Physical examinations were conducted on all animals assigned to the study by a laboratory veterinarian beginning with Week 4 and then monthly thereafter. The physical examination included manual collection of heart rate and respiratory rate and a recording of rectal temperature. In addition, general appearance and attitude; skin and haircoat; musculoskeletal and extremities; oral cavity and teeth; eyes, ears, and nose; chest and thorax; and abdomen and urogenital area were assessed. Abrasion–tip of ears was recorded when an abrasion was noted at the tips or edges of the ears, and discoloration–tip of tail was recorded when slight hair loss and discoloration were noted. Scabbed area–tip of ears was noted when the abrasions began scabbing over. Individual body weights of study animals were recorded on Day 1 prior to exposure, once weekly thereafter, and on the day before and the day of scheduled necropsy.

Qualitative food consumption was recorded for all animals beginning on Day 1 and daily during the study period, except when fasting was required for scheduled necropsy or clinical pathology blood collection. Food was provided following exposure for overnight consumption, which was assessed the following morning.

Ophthalmic examinations were conducted by a laboratory veterinarian on all animals prior to selection/group assignment (pretest) and again within one week of the final treatment exposure (Week 26).
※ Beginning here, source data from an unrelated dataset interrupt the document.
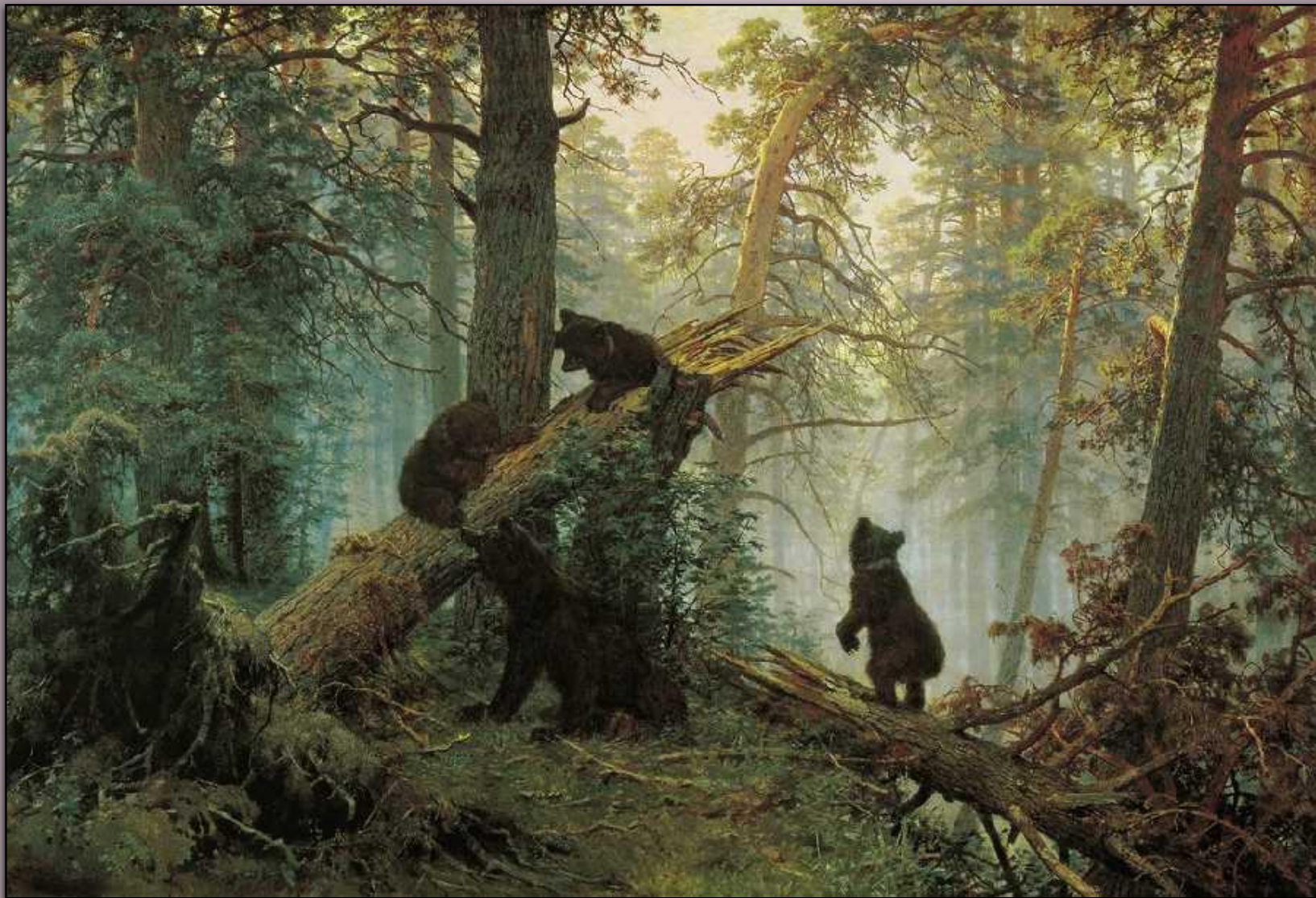
Утро в сосновом лесу , 1889 г.

Это не просто глухой сосновый лес, а именно утро в лесу с его еще не рассеявшимся туманом, с легко порозовевшими вершинами громадных сосен, холодными тенями в чащах. Чувствуется глубина оврага, глушь. Присутствие медвежьего семейства, расположившегося на краю этого оврага, порождает у зрителя ощущение отдаленности и глухости дикого леса.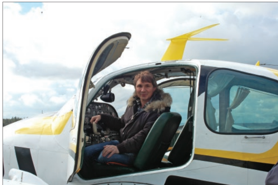
За штурвалом самолета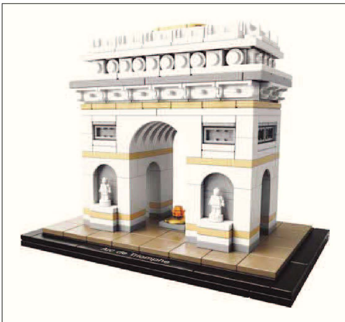
Mudell ta' kif jidher ark trijonfali

Il-marċ trijonfali dlonk ifakkarna fl-ark trijonfali li bħala spiss konna nsibu armati f'diversi bliet u rhula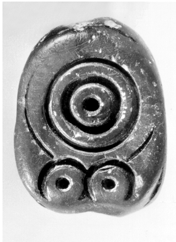
Fig. 2. Middle Minoan seal from Ayia Irini settlement on Keos Εικ. 2. Μεσομινωική σφραγίδα από τον οικισμό της Αγίας Ειρήνης στην Κέα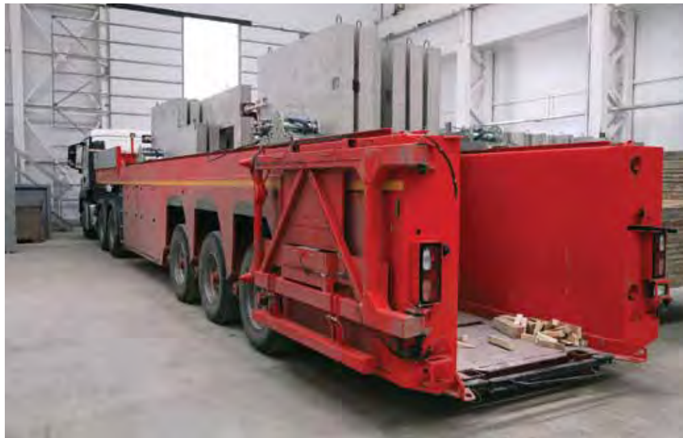
Специальный трехосевой полуприцеп для транспортировки готовых изделий

С помощью гибочного автомата EBAs S-12 AR изготавливаются скобы диаметром от 5 до 12 мм, формы для которых задаются оператором на дисплее.

Electrocardiograms were obtained pre-study and were analyzed by the study physiologist for the presence of significant abnormalities that would exclude a dog from the study. Electrocardiograms were obtained during Week 12 and again during Week 26. Tracings of leads I, II, III, aVR, aVL, aVF, and V₁₀ were collected at a paper speed of 50 mm/second. Additionally, leads I, aVF, and V₁₀ were collected at a paper speed of 10 mm/second. Analysis included morphology of P, QRS, and T waves and measurement of RR, PR, QRS, and QT interval duration. Corrected QT interval durations were calculated using Fridericia’s Formula: QT_c = QT/(RR)^1/3.

Clinical Laboratory Tests

All dogs were fasted for at least twelve hours prior to scheduled blood sampling for hematology, serum chemistry, and coagulation determinations. Approximately 6 to 8 mL of blood was obtained from each animal from the cephalic or jugular vein pre-test, on Day 29, during Week 12, and prior to scheduled necropsy on Day 183. Urinalysis was performed in conjunction with the clinical laboratory tests except on Day 29, when no urine was collected. Dogs were fasted overnight for at least twelve hours for urine collection, which began the day prior to scheduled blood collection.

Toxicokinetics

On Day 1, Day 28, and during Weeks 13 and 26, whole-blood samples (3.0 mL) were collected at routine intervals after the completion of dosing. Toxicokinetic analysis of plasma concentration time data was performed using WinNonlin to determine relevant toxicokinetic parameters, including observed and fitted peak plasma concentrations (C_max) and time to peak plasma concentration (T_max), absorption and elimination rate constants, half-life, clearance, volume of distribution, and area-under-the-plasma concentration time curve (AUC_0-inf), and results were dose-normalized. The C_max data from each dog were evaluated using an appropriate compartmental model, and when the data were not sufficient to be modeled, then noncompartmental analysis was performed.

Necropsy

All dogs were fasted overnight for a minimum of twelve hours and then humanely euthanized on Day 183, the day following their final inhalation exposure, by the administration of a barbiturate overdose, followed by exsanguination. Body weights were recorded prior to the Day 183 necropsy. Necropsy was performed by a board-certified veterinary pathologist. Each necropsy included examination of the external surface of the body; all orifices; the cranial, thoracic, abdominal, and pelvic cavities and their contents; and collection of all tissues and all gross findings. Paired organs were weighed together, and absolute weight, organ-to-body weight ratios, and organ-to-brain weight ratios were reported.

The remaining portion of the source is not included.